Jesper Verlaat (born 4 June 1996) is a Dutch professional footballer who plays as a centre-back for  side 1860 Munich. Having come through the youth ranks of Werder Bremen, he began his professional career with the club's reserves. He is the son of former Dutch footballer Frank Verlaat, who also played for Bremen.

Career
Verlaat, who can be mobilised both in midfield and in central defence, began his career at FC Oberneuland before moving to the youth academy of Admira Wacker in 2003. Subsequently, Verlaat played at Sturm Graz.
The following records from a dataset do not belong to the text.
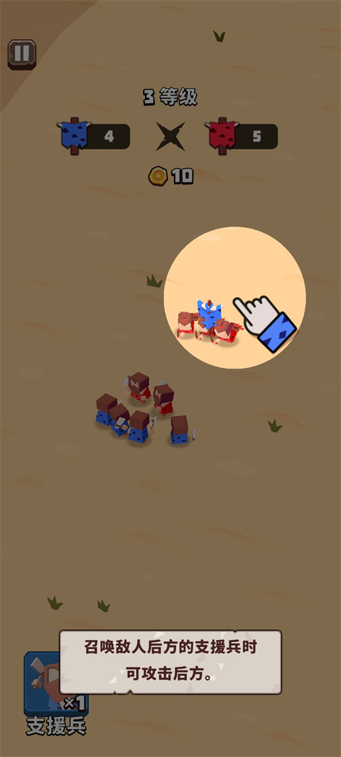 4、关卡左下角还有一个支援兵,你可以将支援兵召唤到敌人后方来进行攻击;
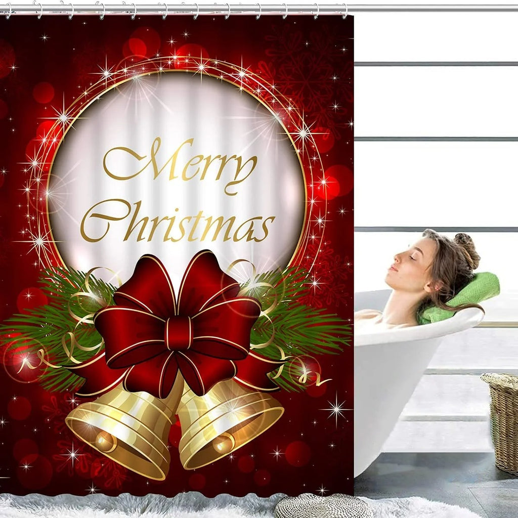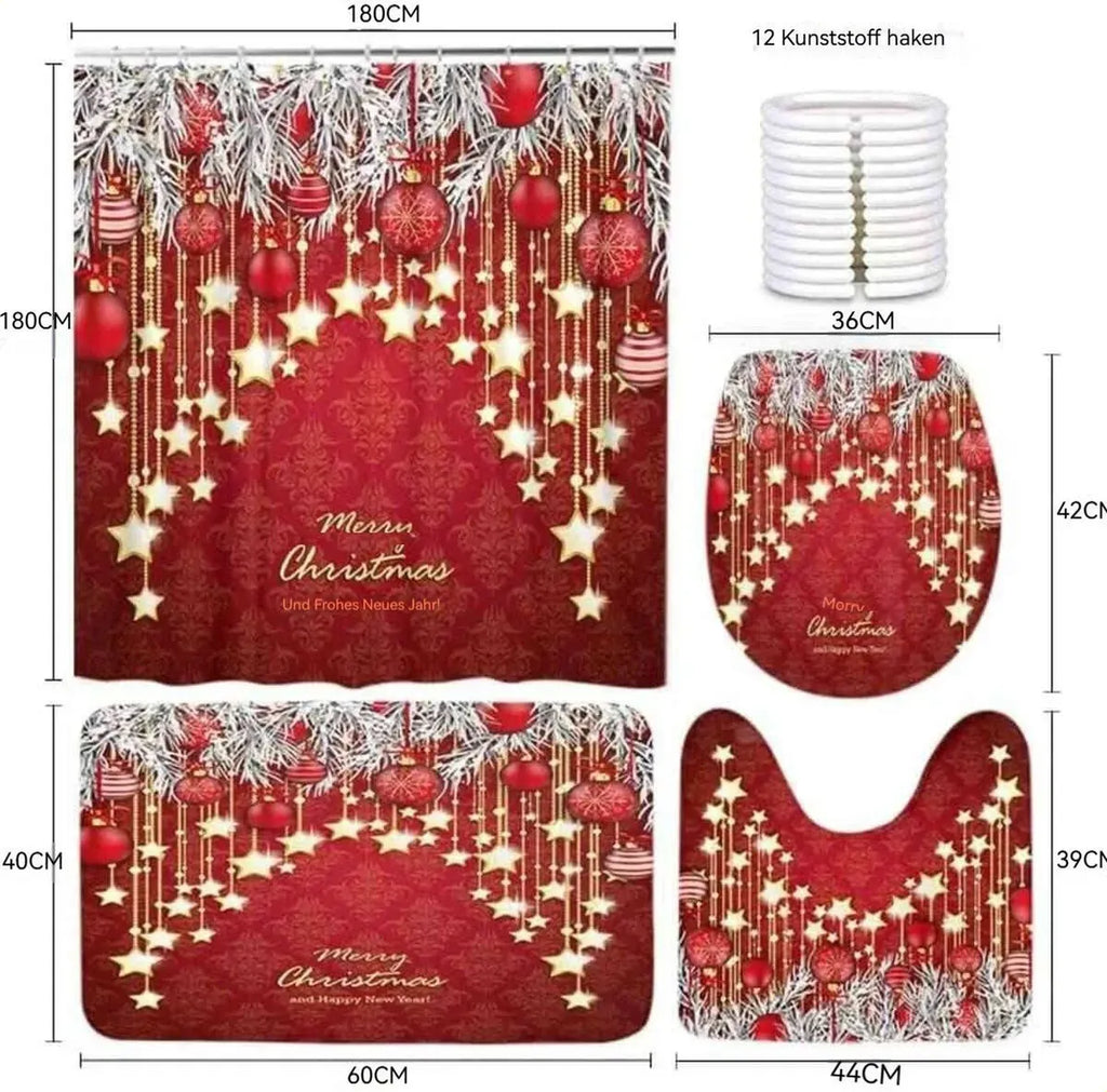 ✨El set incluye cortina impermeable de ducha, alfombra antideslizante, funda para el inodoro y tapa decorativa, todo con diseños navideños vibrantes que harán que cada visita al baño se sienta especial.🎄
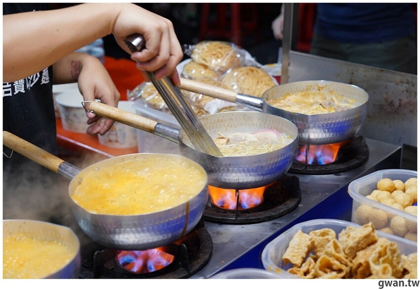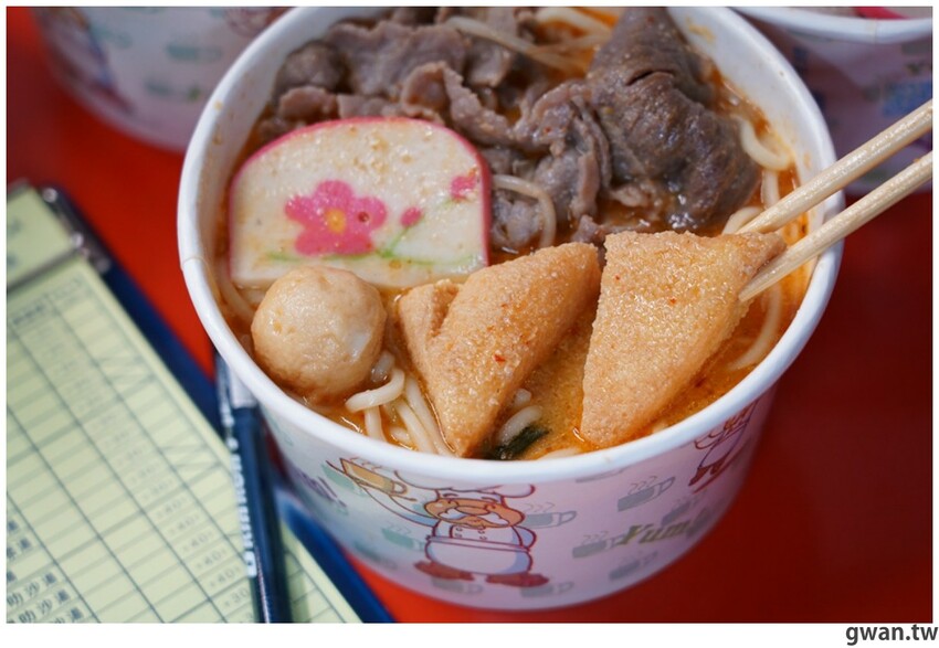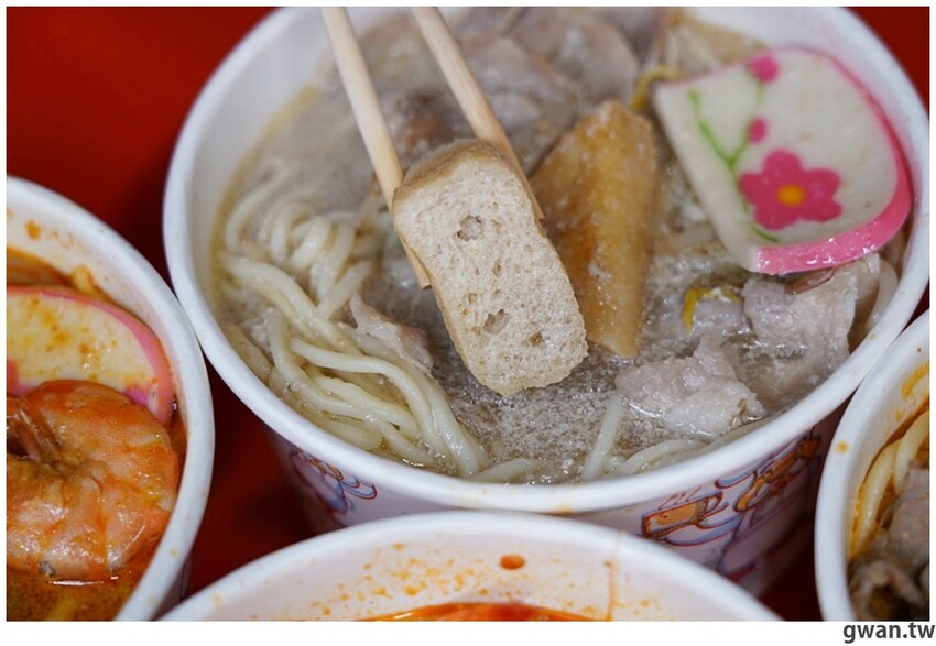 每一碗的基本配料都有魚板、魚蛋、油豆腐、豆皮,還會加九層塔提香
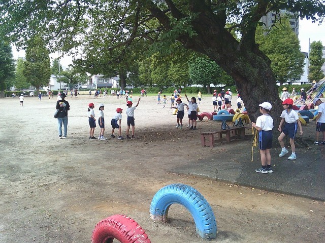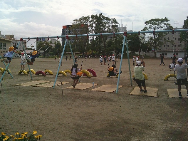 本日9/4、降り出した雨が中休み前にあがり、暑さ指数も久々に下がって、外遊びができました。遊具遊びのほか、ドッヂボールや一輪車乗りなど校庭に元気な声が広がっていました。
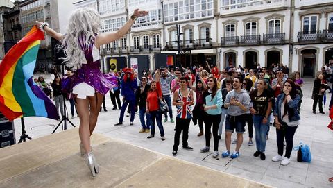 1En la capital de la provincia coincidieron ayer dos celebraciones notablemente dispares. La praza de San Marcos fue escenario por la tarde de las actividades programadas con motivo del Día del Orgullo Gay. El colectivo de lesbianas, gays, bisexuales y transexuales Alas, en colaboración con la Diputación y el Concello, organizaron el Orgullo Lgtb Lugay 2014. Tras la lectura de un manifiesto reivindicativo, hubo varias actuaciones musicales. Una de las más esperadas era la de Lara Sajén, integrante de Fangoria y que acaba de presentar un trabajo en solitario. También estaba previsto que subiesen al escenario multicolor el grupo Leblond, el dúo lucense Las Supremas, la dragqueen Drag La Canalla y el polifacético Diablillo Lj, el transformista más reconocido de la noche lucense.
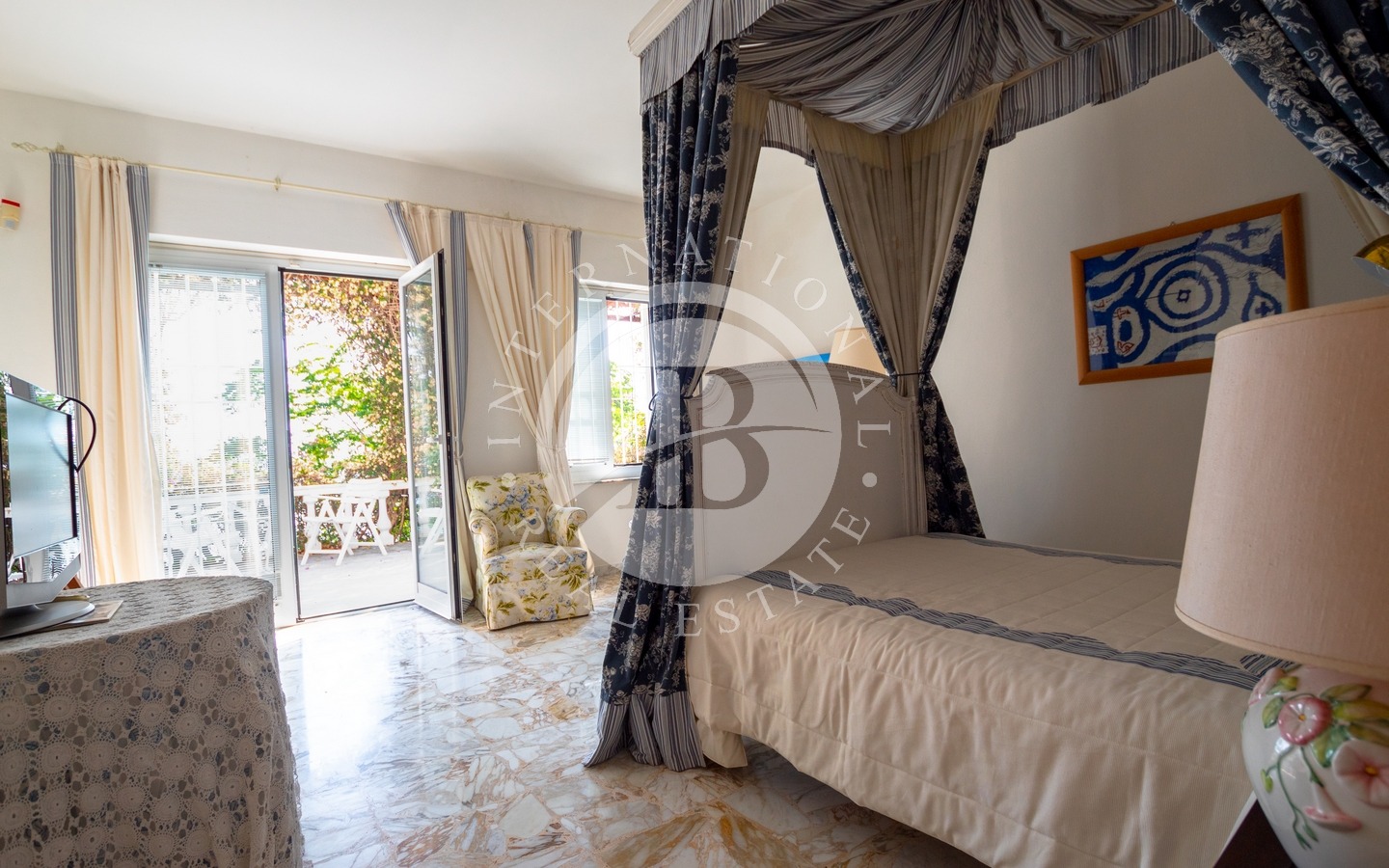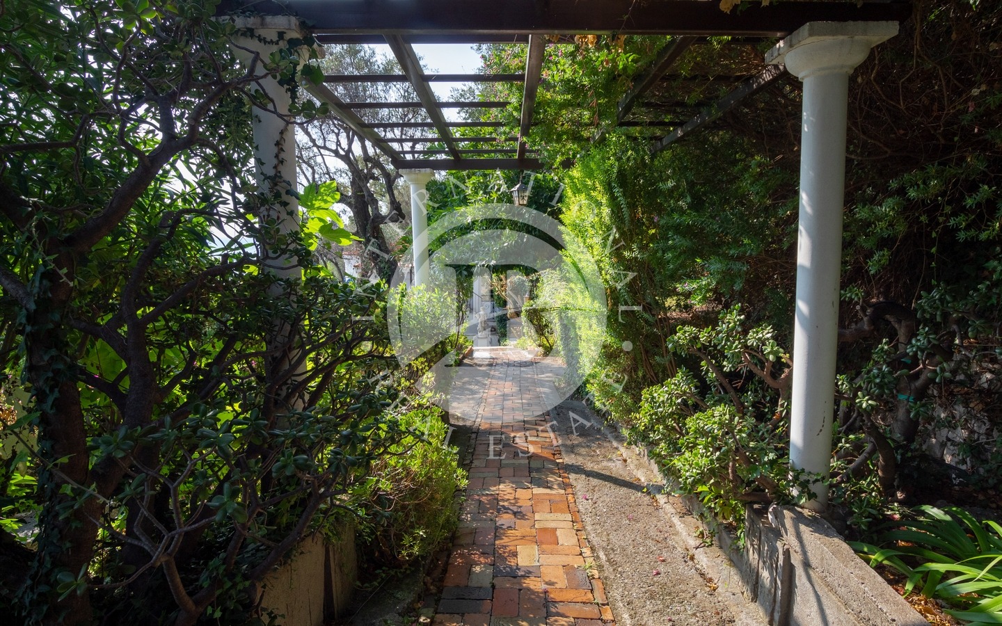 Si accede alla proprietà da un ascensore adiacente ai due posti auto proseguendo per un pittoresco vialetto porticato, adornato da bouganville e glicini profumati.

When his parents relocated to Algarve, Portugal in 2007, Verlaat played for various Portuguese teams until Verlaat moved to Werder Bremen in summer 2012 after a trial with the U-17s.

On 13 March 2015, Verlaat made his debut for Werder Bremen's reserves, coming on as a substitute for Onur Capin just before the end against TSV Havelse. In the summer he permanently became part of the second team, which had been promoted to the 3. Liga. He made his 3. Liga debut on 1 November 2015 as a substitute in the 29th minute in the 3–2 home win against Chemnitzer FC. Since then Verlaat became a regular player. His first goal for the second team came on 7 November 2015, during the 2–1 away defeat against Fortuna Köln. In May 2018, following Werder Bremen II's relegation from the 3. Liga, it was announced Verlaat would be one of ten players to leave the club.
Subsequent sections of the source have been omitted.